In this case you have to go out of your way in the app to enable it, though, and the app is absolutely clear about what you're doing. It's nothing sinister, so Apple may continue to allow it.

But holy crap, a simple "keepalive" API, with some sensible restrictions (maybe no more than an hour unless you revisit the app, or something) would be phenomenal.

+1 for this.

I am working on an app that connects to a server that runs on the LAN. The use case is about an hour of interaction with the server via my app. Accordingly, I'd expect the user to leave my app and bounce between different apps. I'd love to be able to keep the socket open, so that I can throw events into a live activity, and so that I don't have to keep re-connecting every time the app is foregrounded.
 
Comments should be removed completely during compilation. There’d be nothing to decompile.

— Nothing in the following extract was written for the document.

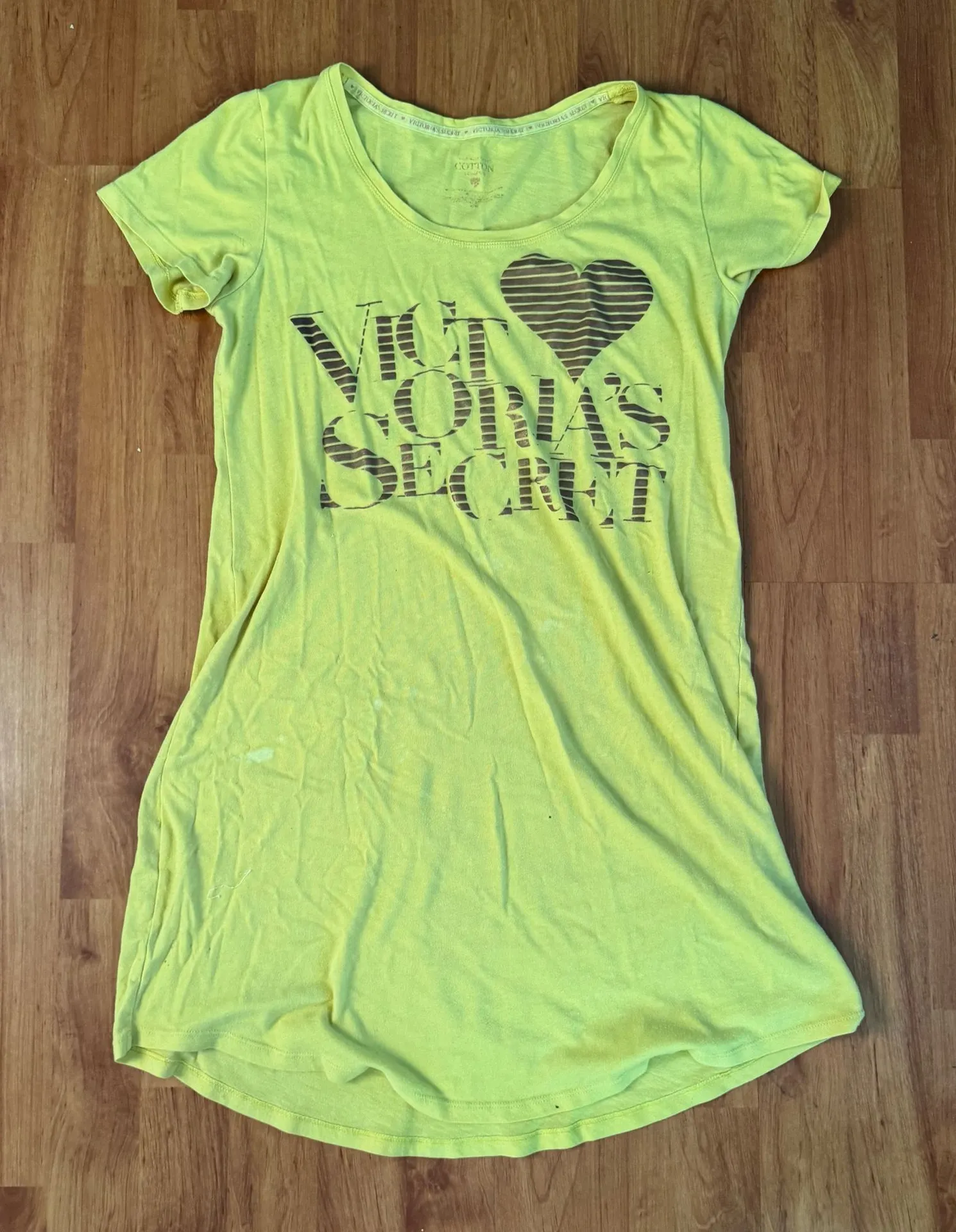 - Y2K Yellow Cotton Jersey Nightgown With a Scoop Neck, Short Sleeves, Relaxed Mini fit, rounded hem & Victoria’s Secret Spellout at the chest

You don’t need comments to understand what a program does. If there is a key alrgorithm (or a calling sequence of external libraries)… a decompiler will give you all the info you need.

Yeah - you don’t take the output of a decompiler and instantly have a program you can build on top of… but it’s enough to get at your “secret sauce”. This is especially true with Apple who owns the whole tool chain.

There are programs out there that will purposely obfuscate all or part of a binary to make decompilation harder… but most people aren’t using them for natively written apps.

They are a bit more popular in non-compiled languages like JavaScript where the lack of compilation means that your code is fairly readable (though - even web-packed JS is pretty obfuscated already… by stripping out comments/whitespace and rewriting all variable names to be as small as possible).
 
It sounds to me like this is a last resort rejection for Apple if they really want to reject but don’t have a good reason. They likely won’t apply this to too many apps since 90% of all apps use this, so discretionary use by Apple on an app by app basis. Add this to the random reasons for rejection list that developers already frequently see
 
This change is for Apple's benefit, not ours. They are sewing up the ad market with their Search Ads and don't want any other ad company to have a slice of the pie. As for developers, they can still use user defaults so long as they are not doing anything dubious.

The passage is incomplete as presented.